For those taxpayers who own interests in real property, in which the rental income is truly a "passive" source of income, meaning that it is not part of their regular trade or business, the rental income will be treated as part of net investment income and will be subject to the 3.8% tax.  Other taxpayers who spend substantial time working in activities related to rental real estate and maintain that the income derived from rents is not passive, should not be subject to the 3.8% net investment income tax.  These "real estate professionals" substantiate that the rental income should not be included as part of net investment income by choosing the following options:

  1. Ordinary Course Exception
    The proposed regulations state that either a trade or business which is a passive activity with respect to the taxpayer, or the trading of financial instruments or commodities, is subject to the net investment income tax.  To the extent investment income is derived in the ordinary course of a trade or business that is not a passive activity or a trading business, however, it is excluded from the net investment income tax altogether. A trade or business, as it pertains to the net investment income provisions, is described as either:
    1. a trade or business which is passive activity with respect to the taxpayer, or
    2. a trade or business of a trader trading in financial instruments or commodities, regardless of whether the taxpayer is active or passive in that trading business.
  2. To the extent investment income is derived in the ordinary course of a trade or business that is neither a passive activity nor a trading business, it is excluded from net investment income altogether. Because the Ordinary Course Exception does not apply to passive trade or business activities with respect to the taxpayer, all investment income is subject to net investment income tax. The business concept serves two important functions in the Proposed Regulations. First, it limits the Ordinary Course Exception, because investment income does not qualify for the exception. Second, all other gross income that is not an investment income is included in the other income bucket and is subject to net investment tax. Thus, under the Ordinary Course Exception, Investment income is exempt from net investment income tax if it is derived in the ordinary course of a non-passive trade or business activity.

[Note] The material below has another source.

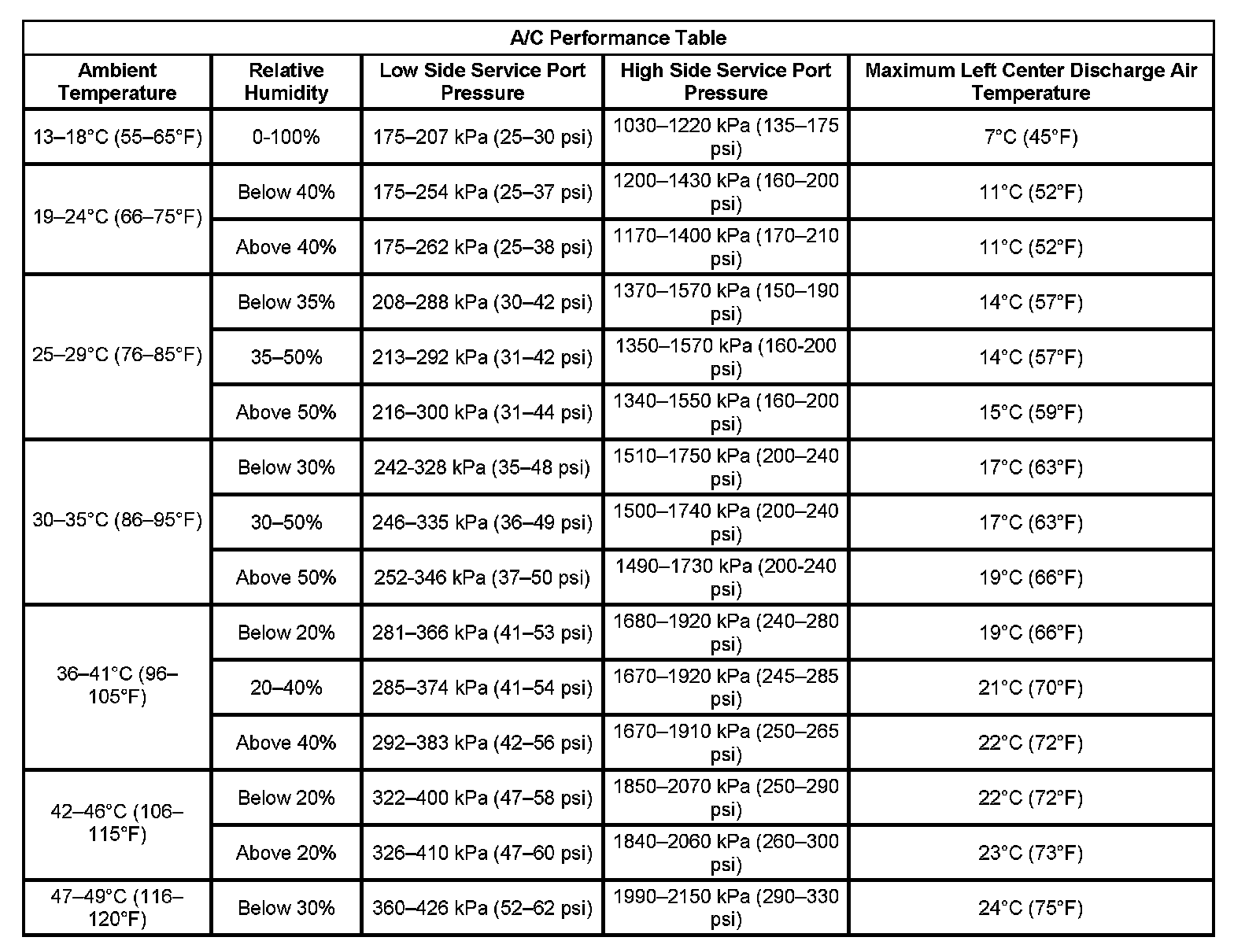 A/C Performance Table:

  3. Real Estate Professional Exception
    Generally, rental activities are classified as passive activities, except for those of individuals classified as real estate professionals.  If a taxpayer qualifies for this exception, the presumption that rental activities are passive does not apply.  Instead, the rental activities will be considered as non-passive if the taxpayer can meet the requirements of being considered a real estate professional.  

In summary, a taxpayer qualifies as a real estate professional if:

  1. More than one-half of the personal services performed in trades or businesses by the taxpayer during the year are performed in "real property trades or businesses" in which the taxpayer materially participates (known as the 50% test), and
  2.  The taxpayer performs more than 750 hours of services during the year in real property trades or businesses in which the taxpayer materially participates.
  3. In applying the 50% and 750 hours tests, services performed as an employee are not treated as performed in real property trades or businesses unless the employee owns at least 5% of the stock (for a corporate employer) or 5% of the capital or profits interests (for a non-corporate employer).

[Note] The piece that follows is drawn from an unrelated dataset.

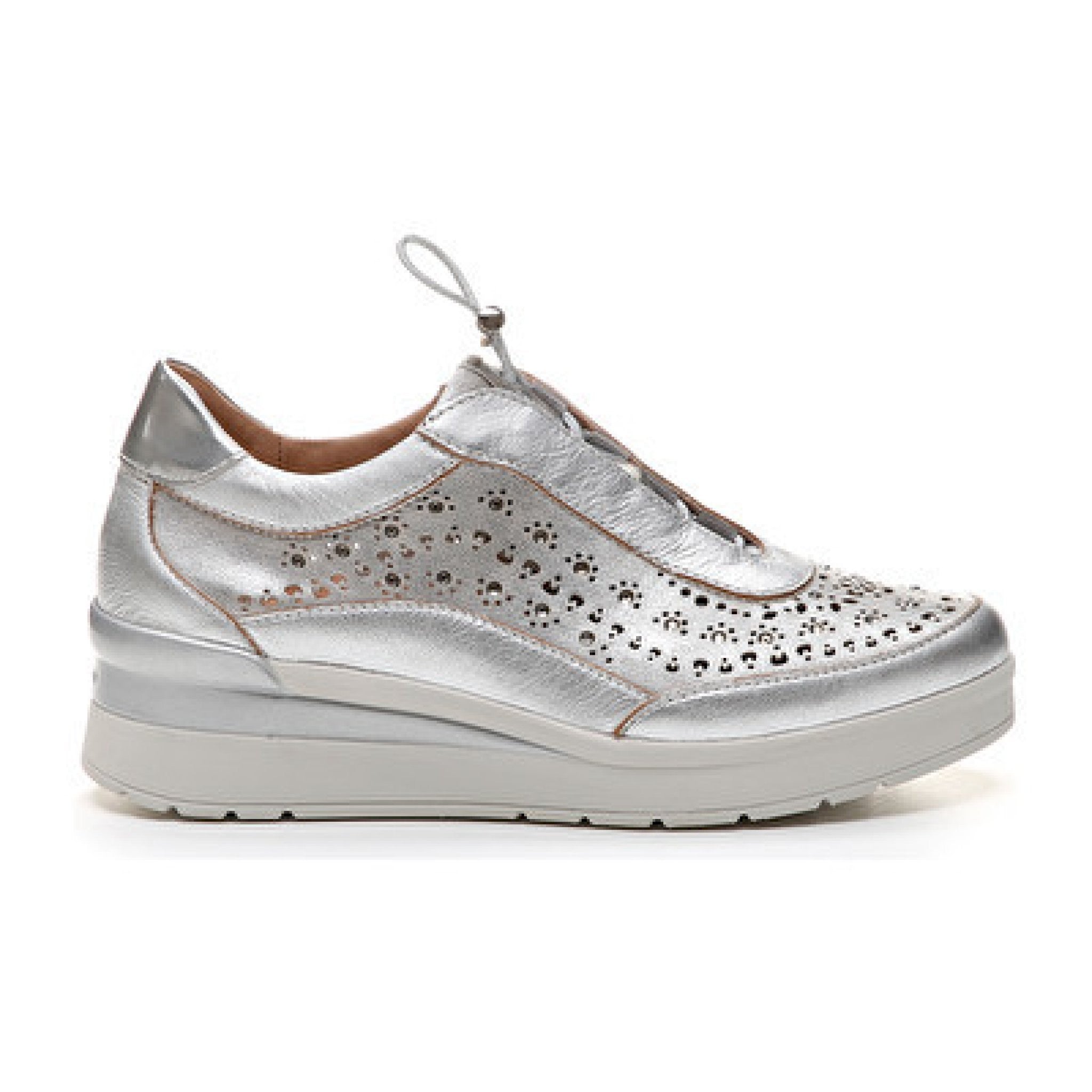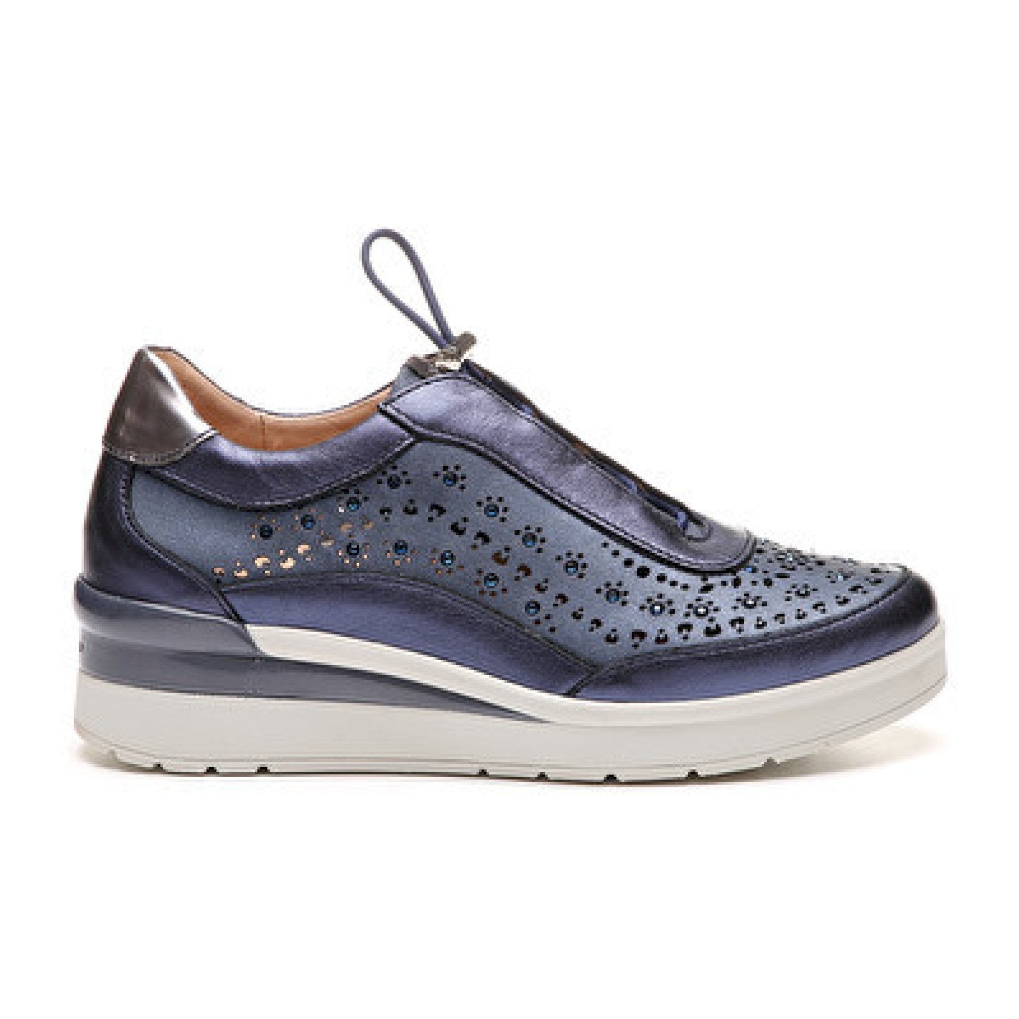 Sneakers con zeppa media e decoro brillantini sulla tomaia. stringatura elastica

Taxpayers must be diligent in documenting the time spent as a real estate professional as, under audit, the IRS will likely request support for the 50% and 750 hour tests.  A calendar documenting the time spent will be very useful in case of IRS scrutiny.

With the application of the 3.8% Medicare tax on net investment income taking effect in 2013, real estate professionals will have a renewed focus on tax implications relating to the level of participation in real estate businesses. Individuals should consult with their tax advisors to determine whether they can meet the requirements of this election and not be subject to the 3.8% Medicare tax.